Secrets of Extra Large Letters in the Torah

If you read an English translation of the Bible, you would never know about the Jewish custom of writing some letters larger or smaller than other letters. You would only see this in a Hebrew text or Torah scroll. 17 times in the five books of Moses, a letter is printed either larger or smaller than the surrounding letters. In Hebrew, there are no capital letters – all letters are normally the same size. The first time this occurs is in the first word, “BERESHIT” which means “In the beginning [of]”.

There are three approaches to these letters: 1) Letter Interpretation – based on the meaning of the letter itself, 2) Magnification/Diminuation – the impact of the size of the letter on the meaning of the word, 3) Addition/Omission – treating a large letter as doubled, or a small letter as omitted.

The first book of the Hebrew Bible is named “BERESHIT” after it’s first word (not the Greek word “Genesis”). This first word begins with an extra large letter “BEIT” (BEIS for ashkenazi pronunication). The Ba’al HaTurim (Rabbi Jacob ben Asher of the 1300s), teaches that the Torah wanted to start on a pleasant note, as Proverbs 3:17 states: “Its way are ways of pleasantness and all its paths are peace.” So why the second letter “BEIT” instead of the first letter “ALEPH”? The letter “B” (BEIT) because it is associated with “BRACHA” (blessing), whereas the first letter of the alphabet, “A” (ALEPH) can be associated with the word “ARUR” (curse).

Can you see here, how the Rabbi was using the “Letter Interpretation” method here? He uses the meaning of the letter to interpret the verse. He further tells us that the letter “BEIT” has the numeric value of two. (In Hebrew school, children quickly learn that each letter has a numerical value, the first 10 letters based on the sequence of the alphabet). The number two is associated with duality. If we use our imaginations, to what duality could the first verse of the Bible be referring? Perhaps of heaven and earth, or the physical world verses the spiritual world (the seen as opposed to the unseen).

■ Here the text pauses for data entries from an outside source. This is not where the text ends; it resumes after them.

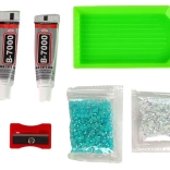 Postup je jednoduchý: naneste tenkú vrstvu lepidla na povrch soba a pomocou voskového štičku ukladajte kryštáliky jeden po druhom. Behom chvíľky získate lesklý 3D prívesok, ktorý upúta pozornosť.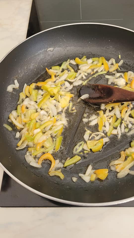 Faire revenir poivron et oignon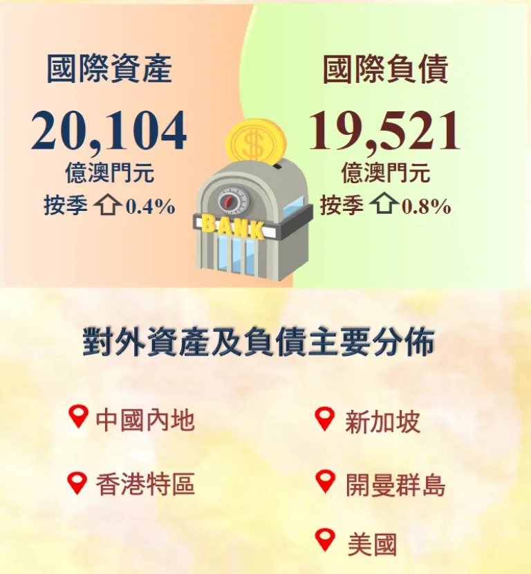 智通财经APP获悉,澳门金融管理局今日发布的统计显示,至2024年12月底,澳门银行的国际资产及负债总额均环比上升,国际资产为20104亿澳门元,按季上升 0.4%;国际负债为19521亿澳门元,按季上升 0.8%。对外业务主要分布在亚洲地区,包括中国内地及香港、新加坡、开曼群岛等。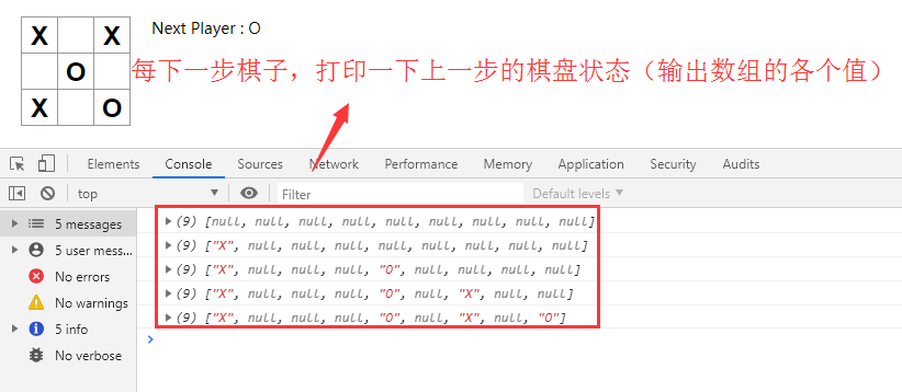 (1)跟着官网建议,按着教程提示,手敲了一遍代码,最终只实现了简单的棋子交替下和输赢判断,历史状态什么的没有实现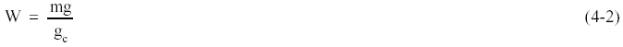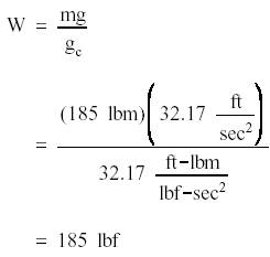 Note that g,, has the same numerical value as the acceleration of gravity at sea level. The mass of a body is the same wherever the body is, whether on the moon or on the earth. The weight of a body, however, depends upon the local acceleration of gravity. Thus, the weight of an object is less on the moon than on the earth because the local acceleration of gravity is less on the moon than on the earth. Example: Calculate the weight of a person with a mass of 185 lbm. W = mg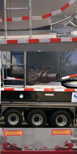 | 备注 | 罐体有效容积:39.3立方米;运输介质为:润滑油;密度为(单位:千克/立方米):900;罐体为双层保温结构,保温层厚度50mm;罐体外形尺寸(mm):10150×2490×2260(罐体为鹅颈式,前端高为2110);ABS系统生产厂家为广州市科密汽车制动技术开发有限公司,型号为CM2XL-4S/2K(4S/2M);选装ABS系统生产厂家为浙江万安科技股份有限公司,型号为VIE-TABSⅡ(4S/2M);选装ABS系统生产厂家为广州市西合汽车电子装备有限公司,型号为XH-GQ4S2M-E01.侧防护所用材料材质为铝合金,与车架螺栓连接,后防护所用材料材质为铝合金,与车架螺栓连接,后部防护装置的断面尺寸为(mm):140×60或140×90,离地高度为500mm. 外保温皮可选用铝合金,镀锌板,彩涂板,玻璃钢;保温方式可用铆钉铆接,可用保温带绑扎.顶部可为挡水槽式,也可为走台式. 选装顶部活动围栏,爬梯前置及接线盒位置,后尾部标志板位置. 该车罐体及车架均为铝合金结构. | ||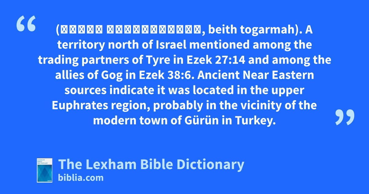 Beth-Togarmah (בֵּית תּוֹגַרְמָה, beith togarmah). A territory north of Israel mentioned among the trading partners of Tyre in Ezek 27:14 and among the allies of Gog in Ezek 38:6. Ancient Near Eastern sources indicate it was located in the upper Euphrates region, probably in the vicinity of the modern town of Gürün in Turkey.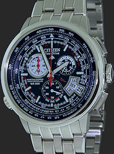 Citizen Chrono-Time AT pilot travelling companion, powered by light and set by the atomic signals from all over the world. Sliding E6b ruler inner bezel. 200m water resistant. Perpetual calendar and stopwatch. Blue dial

It could also suggest that the creation of the physical world depends on the male and female, duality of all species. It could also allude to the positive and negative charges of protons/electrons, or the magnetic fields which complement and balance each other.

The letter “BEIT” is also the word “BEIT” which literally means “house” or “home”. The temple is called the “BEIT HA-MIKDASH” – basically meaning “the house of holiness”. Thus, the large “BEIT” at the beginning of BERESHIT can also allude to the first and second temple, which represents God dwelling among men.